ER Diagrams Explained: Entities, Relationships and Keys for Beginners

In Plain English 🔥
Think of an ER diagram like an architect's blueprint before a house is built — nobody picks up a hammer until the plan is drawn. An ER diagram is that blueprint for a database: it maps out what things you need to store (like Students and Courses) and how those things connect to each other, before you write a single line of SQL. Just like a blueprint uses standard symbols so any builder can read it, an ER diagram uses standard shapes so any developer or database admin can understand the plan instantly.
⚡ Quick Answer
Think of an ER diagram like an architect's blueprint before a house is built — nobody picks up a hammer until the plan is drawn. An ER diagram is that blueprint for a database: it maps out what things you need to store (like Students and Courses) and how those things connect to each other, before you write a single line of SQL. Just like a blueprint uses standard symbols so any builder can read it, an ER diagram uses standard shapes so any developer or database admin can understand the plan instantly.

Every app you've ever used — Instagram, Spotify, your school's grading portal — stores data in a database. But before that database was built, someone had to answer a deceptively hard question: what exactly are we storing, and how does it all fit together? Get that wrong at the start and you end up with a tangled mess of tables that are nearly impossible to untangle later. ER diagrams exist precisely to force that thinking before any real work begins.

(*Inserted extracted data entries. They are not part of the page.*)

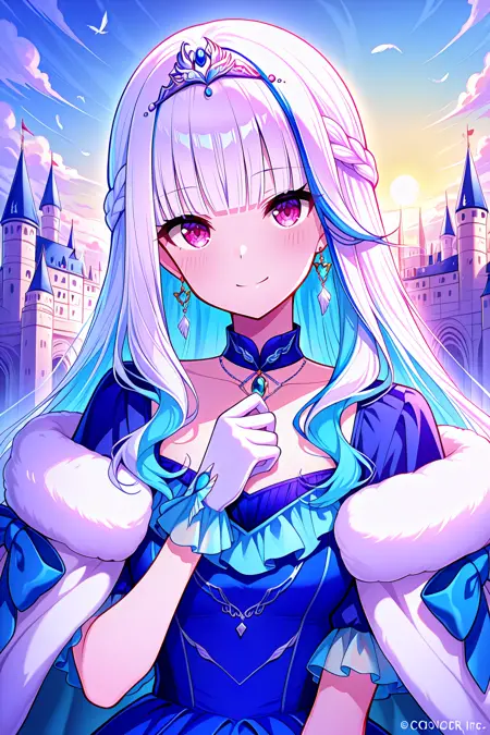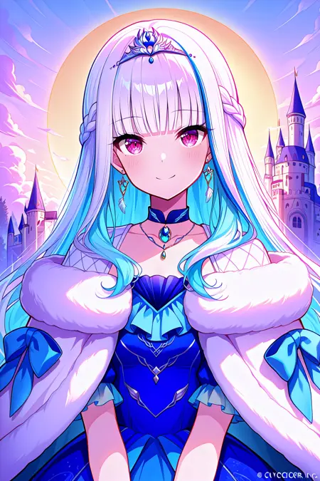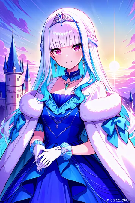 | Trained Words | lize helesta, lize3rd, alternate hairstyle, aqua hair, blue bow, colored inner hair, pink eyes, blue hair, blunt bangs, braid, gradient hair, half up braid, long hair, multicolored hair, purple eyes, sidelocks, two-tone hair, very long hair, white hair, alternate costume, blue dress, bow, cape, capelet, choker, cloak, dress, white gloves, feathers, frilled collar, frilled dress, frilled gloves, frilled sleeves, frills, fur cape, fur trim, fur-trimmed cape, fur-trimmed capelet, fur-trimmed cloak, fur-trimmed coat, gloves, long dress, short sleeves, aqua gemstone, blue choker, crown braid, earrings, gem, jewelry, necklace, tiara, princess, virtual youtuber,Copied! |
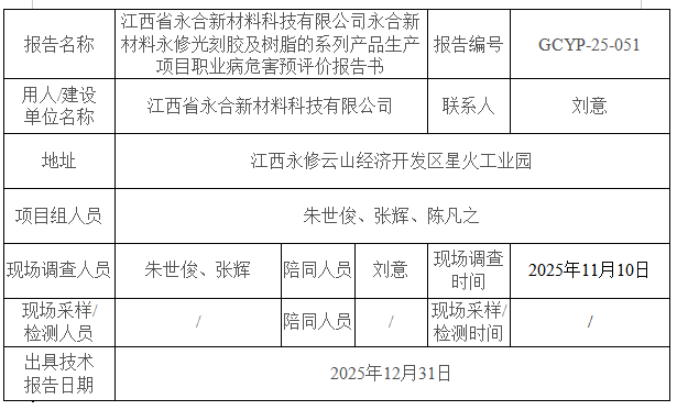 下一篇:江西省永合新材料科技有限公司永合新材料永修光刻胶及树脂的系列产品生产项目职业病防护设施设计专篇
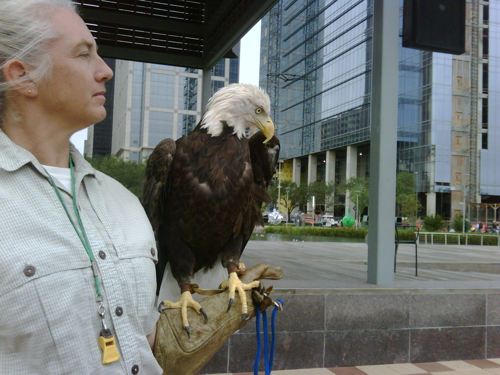 This 9 year old Bald Eagle was shot in his left wing several years ago and was brought to be cared and rehabilitated at the Last Chance Forever – The Bird of Prey Conservancy”.
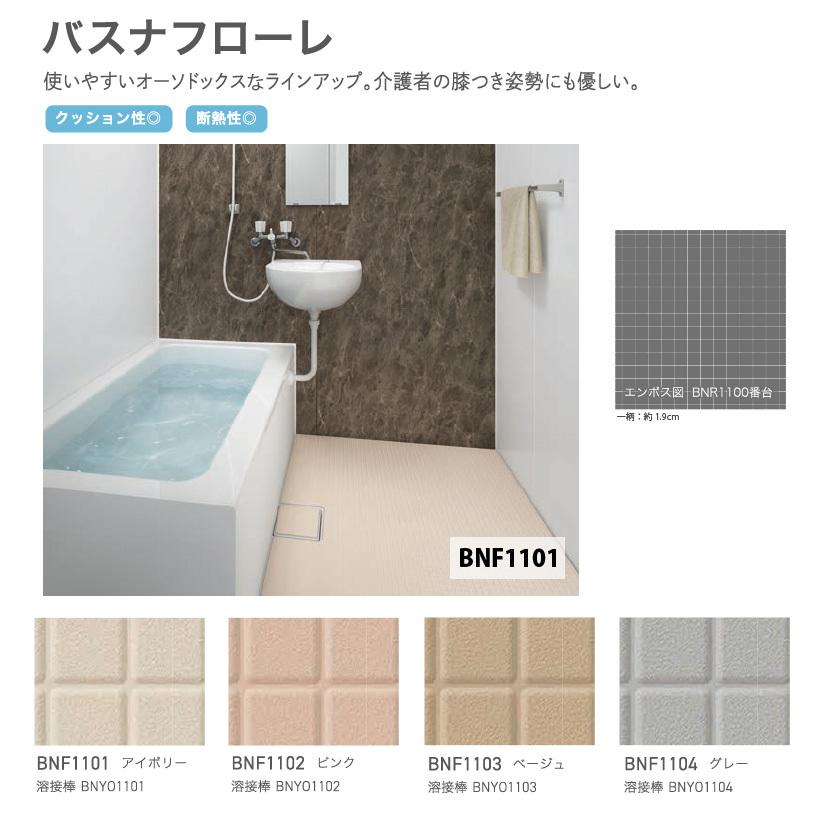 浴室 床 シート 床タイル マット お風呂 床 リフォーム 自分で 張り替え バスルーム diy 床材 浴室用床シート 抗菌 防カビ 東リ バスナフロー... bnf1101(アイボリー)
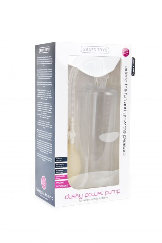 Dusky Power Pump от Shots Toys даст тебе сексуальное удовольствие, размер, а также самоуверенность, о которой ты всегда мечтал! Каждый раз, когда ты сжимаешь грушу, твой член становится больше и толще. Отверстие вакуумной помпы изготовлено из эластичного и гибкого силикона, что обеспечивает очень приятные ощущения при соприкосновении с твоим пульсирующим и твердым, как скала, членом! Прозрачная трубка позволяет наблюдать за увеличением пениса. Щелкнув выключателем, ты можешь мгновенно уменьшить давление воздуха. Когда ты закончишь, просто отсоедини высасывающий шланг от цилиндра и очисти помпу, используя средство для чистки игрушек и теплую воду.

The problem ER diagrams solve is miscommunication. A business analyst says 'a customer can have multiple orders.' A developer hears something slightly different and builds the database wrong. An ER diagram turns that fuzzy conversation into a precise, visual contract that every stakeholder — technical or not — can read and agree on. It's a universal language for data structure.

By the end of this article you'll be able to read any ER diagram you come across, draw one from a plain-English description of a system, spot common design mistakes before they become expensive bugs, and walk into a database interview with genuine confidence. We'll build everything from scratch using a relatable example — a simple online bookstore — and layer on complexity one piece at a time.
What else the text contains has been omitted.